I would expect the SAT exam to be Bell shaped and uniform because the test is designed so that the majority of people who take it fall somewhere in the middle.
I would expect the number of people living in a household to be more or less bell shaped, perhaps with a slight skew to the left. This is because in this day and age few people can afford to live alone when they are young adults, and children and older adults usully live in family households. Family sizes in the US are generally 3-5 people in size, with some exceptions. There are also people who can afford to live alone, and I am unsure as to how many.

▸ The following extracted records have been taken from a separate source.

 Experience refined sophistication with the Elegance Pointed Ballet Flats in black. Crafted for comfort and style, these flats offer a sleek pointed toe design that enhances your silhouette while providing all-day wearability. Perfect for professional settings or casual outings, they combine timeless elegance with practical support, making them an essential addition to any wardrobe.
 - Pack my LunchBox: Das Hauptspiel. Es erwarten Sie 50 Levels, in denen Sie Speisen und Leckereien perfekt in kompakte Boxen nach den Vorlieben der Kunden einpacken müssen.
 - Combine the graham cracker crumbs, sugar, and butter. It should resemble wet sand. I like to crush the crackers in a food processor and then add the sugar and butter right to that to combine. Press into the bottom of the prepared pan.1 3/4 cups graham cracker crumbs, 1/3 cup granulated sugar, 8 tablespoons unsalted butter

I would expect this to be right skewed because Alzheimer’s disease is generally diagnosed in people over the age of 65 (the WHO states that in western nations the age of 65 and older is generally accepted as the definition of elderly). Diagnosis of Alzheimer’s in people younger than that is rare.
14
There is not enough information present to answer this question well. It neither states the population being studied, nor did it give a clear definition of the time parameters. For example, if it was college students and days of the week, then I would expect the amount to peak on Friday and Saturday. If it was of middle aged adults, and it was over the course of a year, I would expect it to peak around holidays such as Christmas, New Years, and the Fourth or July.

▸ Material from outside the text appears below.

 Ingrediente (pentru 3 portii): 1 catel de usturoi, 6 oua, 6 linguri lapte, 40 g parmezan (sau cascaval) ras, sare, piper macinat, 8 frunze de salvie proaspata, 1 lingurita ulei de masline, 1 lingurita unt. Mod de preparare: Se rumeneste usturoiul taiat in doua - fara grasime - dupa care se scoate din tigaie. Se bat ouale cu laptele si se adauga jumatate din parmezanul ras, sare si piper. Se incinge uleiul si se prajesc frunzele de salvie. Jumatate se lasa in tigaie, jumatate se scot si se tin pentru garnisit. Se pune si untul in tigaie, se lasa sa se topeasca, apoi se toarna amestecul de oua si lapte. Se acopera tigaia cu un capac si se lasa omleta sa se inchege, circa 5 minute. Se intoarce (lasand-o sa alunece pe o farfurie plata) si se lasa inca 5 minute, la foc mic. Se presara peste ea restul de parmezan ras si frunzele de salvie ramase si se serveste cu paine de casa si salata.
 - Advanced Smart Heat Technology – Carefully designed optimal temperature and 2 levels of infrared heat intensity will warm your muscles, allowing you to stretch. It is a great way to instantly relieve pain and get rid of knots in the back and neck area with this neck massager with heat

I would expect this histogram to be relatively uniform as there are supposed to be about the same number of students in each grade.

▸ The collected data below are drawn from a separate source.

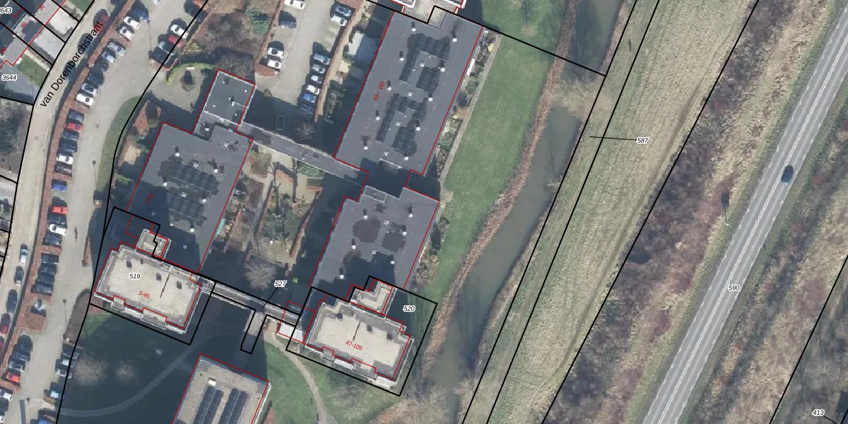 Het perceel waarop van Dorenborchstraat 63 staat heeft een oppervlakte van 1,5 ha. Dit is een zeer groot perceel. De perceeloppervlakte wordt geregistreerd door het Kadaster. Gedetailleerde informatie over de maten van dit perceel kunt u vinden in het rapport Kadastrale kaart met maatvoering van van Dorenborchstraat 63.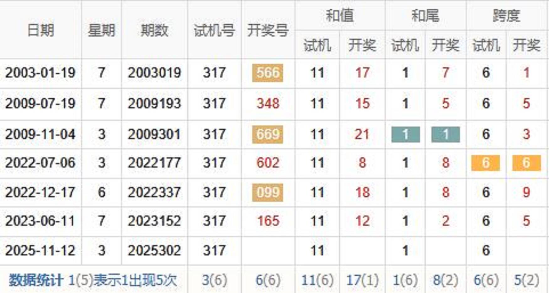 期数 | 试机号 | 关注码 | 金码 | 对应码 | 开奖号 | 出号 |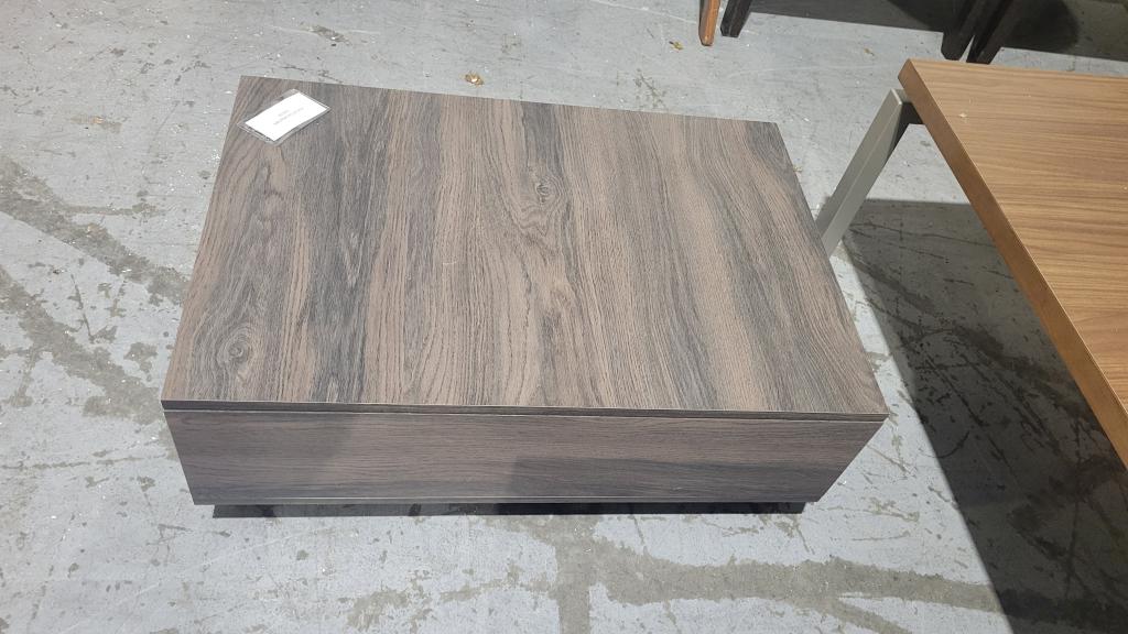 Description Aran Lift-Top Coffee Table - Showroom Model. Walnut table with lifting top for storage underneath. Contemporary table for any living area.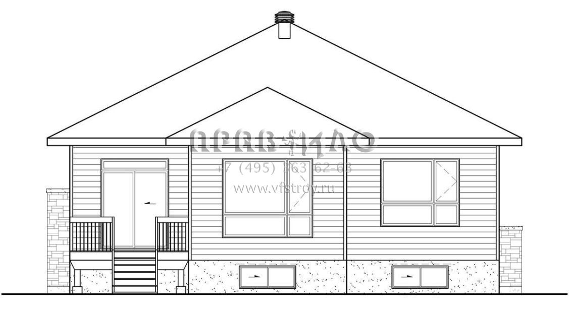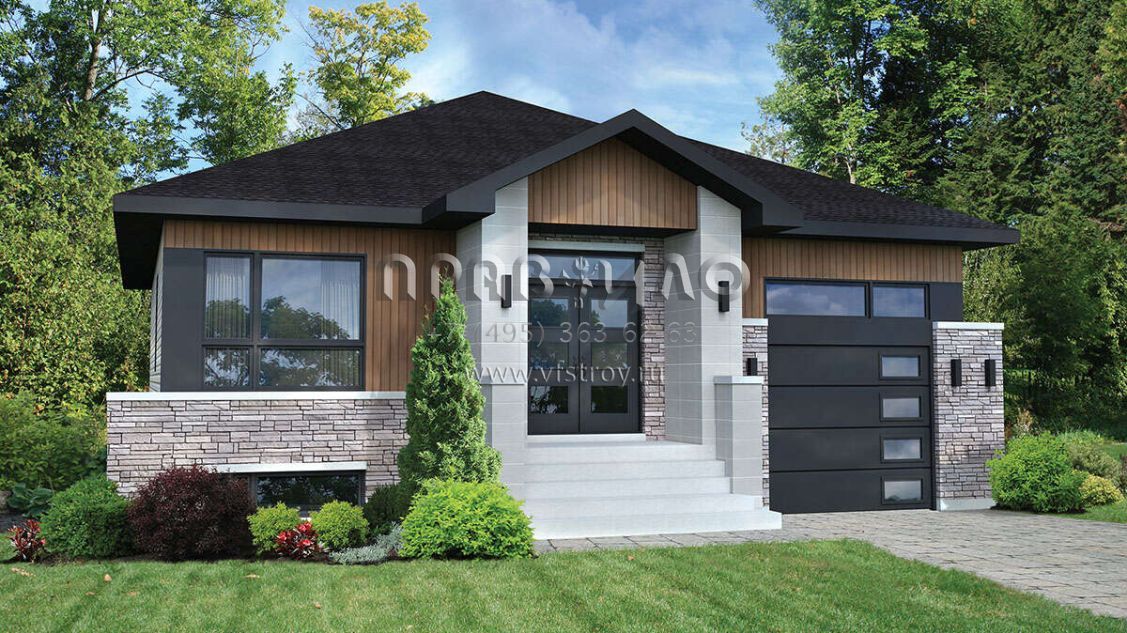 Это проект одноэтажного дома с гаражом на одну машину жилой площадью 129 кв.м. Длина дома 14 м, ширина 8.5 м, высота 7.3 м. В доме две спальни и два санузла.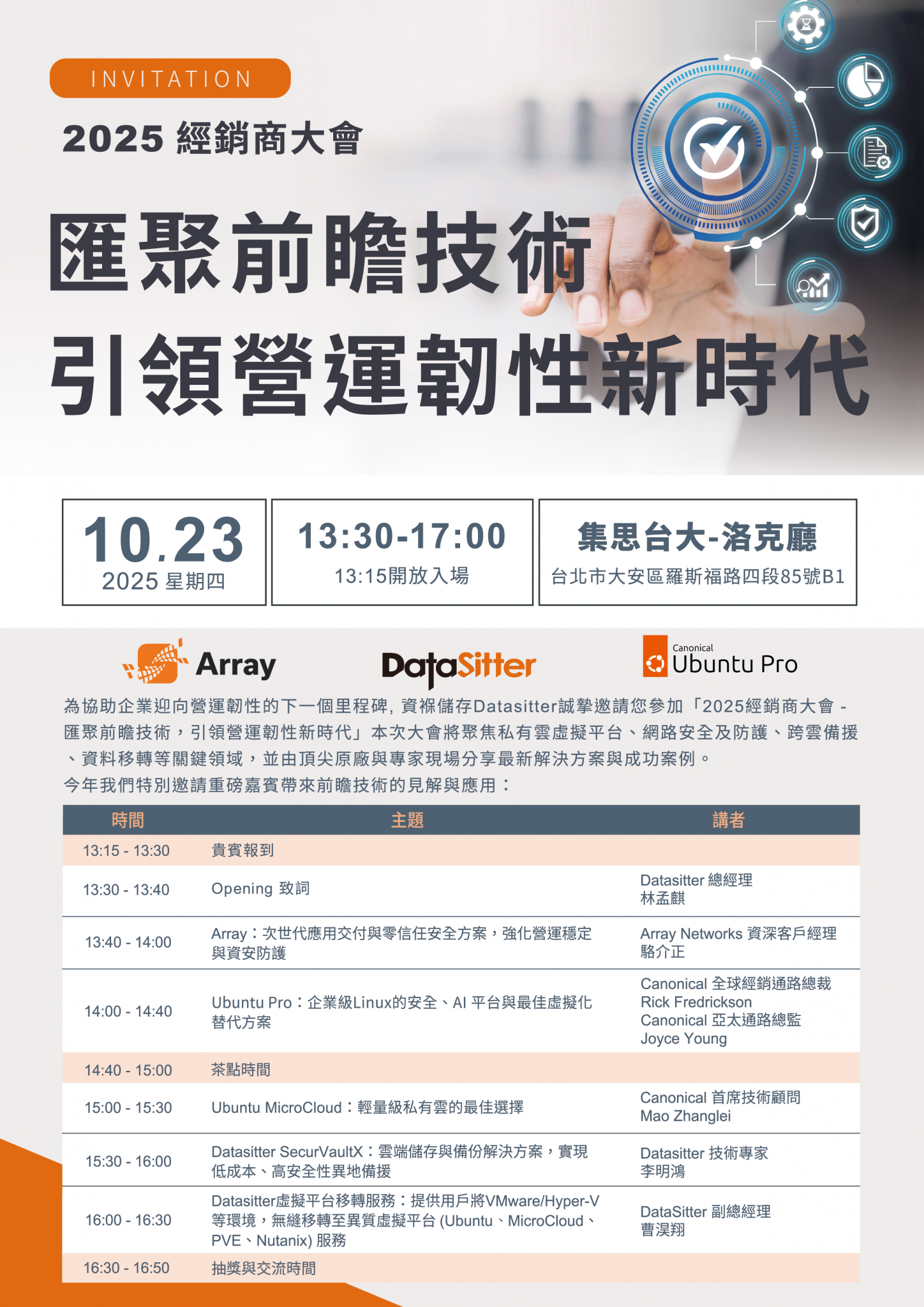 本次活動將聚焦於私有雲虛擬平台、零信任、跨域資料管理、備援與移轉加值服務等領域,邀請Ubuntu、Array、Hammerspace、Datasitter專家現場分享最新應用案例與解決方案

I would expect this histogram to be very much right skewed for more or less the same reason as I gave for Alzheimer’s. While there are people with hearing aides who are not elderly, a lifetime of ear drum damage eventually makes an impact on most people, and many elderly people wither have hearing aides, or should have hearing aides.
I would expect this to be bell shaped, as the majority of men (in the US) are somewhere between 5’5" and 6’5“. There are defenately people outside of those heights, but I would say that the majority fall in that category.